After months of prodding, whining, and generally being an obnoxious sonuvabitch, I was finally able to convince the fine folks at www.bad-candy.com to accept a few of my humble contributions. And to thank them for their kindness, I've decided to help them prove to the world that they are, indeed, not racists, by fixing my crosshairs on the worst American products I've put in my mouth since waking up one morning and accidentally brushing my teeth with Desitin (don't ask).
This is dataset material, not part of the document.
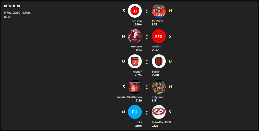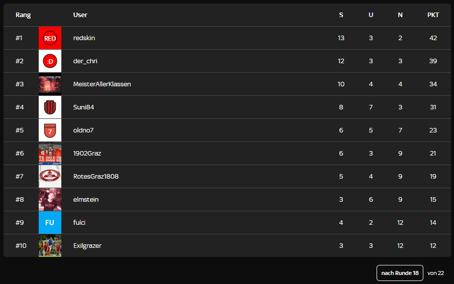 ASB GAK Champions League - Runde 18 ist ausgewertet! Ich setze mich mit dem Rundenhighscore gegen ein desaströses Team von @1 9 0 2 Graz durch, Tabellenführer @redskin erlangt einen für seine Verhältnisse hochdramatischen Auswärtssieg bei @elmstein, zu erwähnen ist jedenfalls das das auch zu zehnt gelingt nachdem Schöpf kurzfristig ausfällt. @Suni muss sich gegen @oldno7 mit einem Unentschieden begnügen, @MeisterAllerKlassen hingegen kommt zu einem spektakulären Sieg gegen die vollkommen harmlos auftretende Mannschaft von @Exilgrazer. Den knappsten Sieg der Runde kann @elma bei @fulci angeführt von Harakaté erringen. Hier ist die Tabelle nach Runde 18: Kaum nennenswerte Veränderungen, lediglich @elma macht einen wichtigen Sprung aus der Abstiegszone. Bei den Wintertransfers gab es folgende Highlights: Mit Nwaiwu, Chukwuani, Baier, Ratkov, Horvat, Rasmussen und Oermann haben einige Leistungsträger die Liga verlassen, dadurch hat sich einiges an Budget freigesetzt: @elma schnappt sich die drei Neo-Grazer Grosse um 4.6 M€, Stolz um 3.6M€ sowie Mamageishvili um 3.4M€, Tornich wechselte um 3.8M€ ins Team von @redskin, @Suni verpflichtet Fosso um 3.5M€, Krätzig geht um 3.2M€ zu @MeisterAllerKlassen und bei mir schlugen Kjaergaard um 6.6M€ sowie Gazibegovic um 7.5M€ auf. Hier noch eine Gegenüberstellung der Marktwerte gegenüber dem Stand vom 12.01.2026. Stand 11.02.2026 haben die Teams jeweils (folgende Kaderwerte): 97.2M€ (86.8 M€) @doncerebro 63.0M€ (57.9 M€) @redskin 54.3M€ (52.1 M€) @fulci 49.4M€ (46.5 M€) @Suni 46.4M€ (42.4 M€) @elma 41.0M€ (38.3 M€) @oldno7 37.7M€ (39.1 M€) @MeisterAllerKlassen 37.4M€ (37.9 M€) @Exilgrazer 35.7M€ (36.1 M€) @elmstein 35.0M€ (37.5 M€) @1 9 0 2 Graz Auffallend ist, das mit @fulci und @elma zwei Abstiegskandidaten beim Kaderwert weiterhin in der ersten Hälfte der Tabelle stehen. Beim ein oder anderen Team werden wohl noch ein paar Melonen auf der Bank geparkt sein, die mangels namhafter Neuverpflichtungen am Deadline-Day wohl auch nicht mehr in großartig verwertbares Spielermaterial investiert werden können. -

Today's victim is Sixlets, an M&Ms rip-off originally created by the Leaf Corporation, a company that's been associated with mediocre candies since they filled their first gumball machine with stale, discolored jawbreakers. Recently, Leaf was swallowed up by the much larger Hershey Foods, and frankly, I'm amazed that they were able to hold them down for so long. Sure, Leaf has a few almost OK products under its belt, like the famous malted milk balls Whoppers, but it's farted out at least twice as much garbage, usually straight into those red candy dispensors you see with Jerry Lewis and that handicapped kid on the front. The way Leaf's products taste, it's no wonder the kid's been in that wheelchair for so long.
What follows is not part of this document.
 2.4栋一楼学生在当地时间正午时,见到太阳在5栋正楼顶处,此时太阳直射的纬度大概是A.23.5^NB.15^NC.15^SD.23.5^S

Sixlets, however, are so legendarily awful that no gumball machine could contain them. Instead, they're sold in a rather unpleasant yellow package with a picture of a centipede on the front. The colorful bug is shown balancing a Sixlet on one of his many feet, blissfully unaware of how terrible the candy he's whoring for tastes. Below him is the caption "Candy Coated Chocolate-Flavored Candy", which is of course Hershey's polite way of screaming "M&Ms RIP-OFF!!!" at the top of their lungs. Of course, as you'd expect from any product that's derivitive enough of another to be popular but just different enough to avoid a lawsuit, Sixlets differs from M&Ms in the following ways:
* IT DOESN'T TASTE GOOD. I mean, at all. If by some freak mishap you find a Sixlet in your mouth, don't even take the take to figure out how it got there... spit it out ASAP! If you leave it on your toungue for any length of time, the candy shell starts dissolving, leaving behind a sort of bitter, sort of sour flavor. My guess is that this taste comes from the seven different chemicals they used to dye the shells. In fact, half the ingredients in Sixlets are either food colors or synthetic substances with names the kids who eat this crap couldn't hope to pronounce.
* IT'S MADE FROM CAROB. If you've ever been dragged into a health store as a child, you're familiar with carob. It's that icky stuff your health-conscious relatives were convinced could take the place of chocolate in a kid's sugar-filled diet. In reality, it's the Vege-Links of chocolate. Sure, it may have the same texture and color as chocolate, but the instant you put carob in your mouth, you'll know the difference. And you'll want to set fire to that health store, too, just to make sure that nobody makes the same mistake you did.
* IT'S ROUND. I fondly remember a game my brother and I made up when we were tired of eating M&Ms. It was called, imaginatively enough, "M&M Wars", and involved pressing two M&Ms together in a fight to the finish. The first one to crack under the pressure (literally) was declared the loser and gobbled up for its failure. We'd get excited whenever we found a champion M&M that defeated three rivals... of course, we'd think nothing of retiring the champ to our mouths when he lost his belt to a hungry young challenger. Wait, there was a point to this... oh yeah! You can't play M&M Wars with Sixlets for two reasons. First, they're not M&Ms, and you'd be sued for copyright infringement. Secondly, they're round, and it's impossible to squeeze two of them together without one shooting out of your fingers and into your eye. However, you could probably use them in a pachinko machine, if you don't mind clogging it up with the remains of broken Sixlets and pissing off the attendants at your local arcade. That's when you drop a handful on the floor and make your cunning escape while they're slipping, sliding, and knocking over all the Tekken machines.
So, to put it succintly, Sixlets are third rate M&Ms, without all the great things that have made M&Ms so popular. To put it even more, uh, succintlier, Sixlets suck lots. I'm not even sure I'll be able to eat the entire package... they'll probably end up in a drawer along with my bag of half-eaten cut rock candies. At least those look cool, with those little designs embedded inside each and every piece... in fact, they tasted all right, too, if you avoided the mint and peach flavors. You know, now that I think about it, maybe I'll just drop the Sixlets into the garbage can instead. And while I'm in the kitchen, maybe I'll dig up some pesticide for our "friend" the Sixlets centipede, too.
PACKAGING:  
At least the bag is a nice preview of coming attractions... if you're dumb enough to buy Sixlets after taking a close look at the gruesome yellow package, you deserve to eat them. And the badly drawn centipede on the front looks like Steve Urkel, except with even less shame.
APPEARANCE:
OK, I'll admit it. Sixlets look like something you almost might want to put in your mouth. I wouldn't try it if I were you, though.
FLAVOR:   
The carob inside Sixlets has a sweet-but-not-a-good-kind-of-sweet quality to it. It should be contained within a nuclear waste drum, not a thin candy shell that turns to bitter grit when you chew it.
CONSISTENCY: 
The texture of the carob is insidiously close to that of chocolate, but the candy shell is far too thin, only partially masking the terror that lurks beneath it.
OVERALL:   
Hershey's is digging itself a nice, deep grave by producing this crap under its brand name. Just because you bought out Leaf doesn't mean you have to continue making all of their products, guys.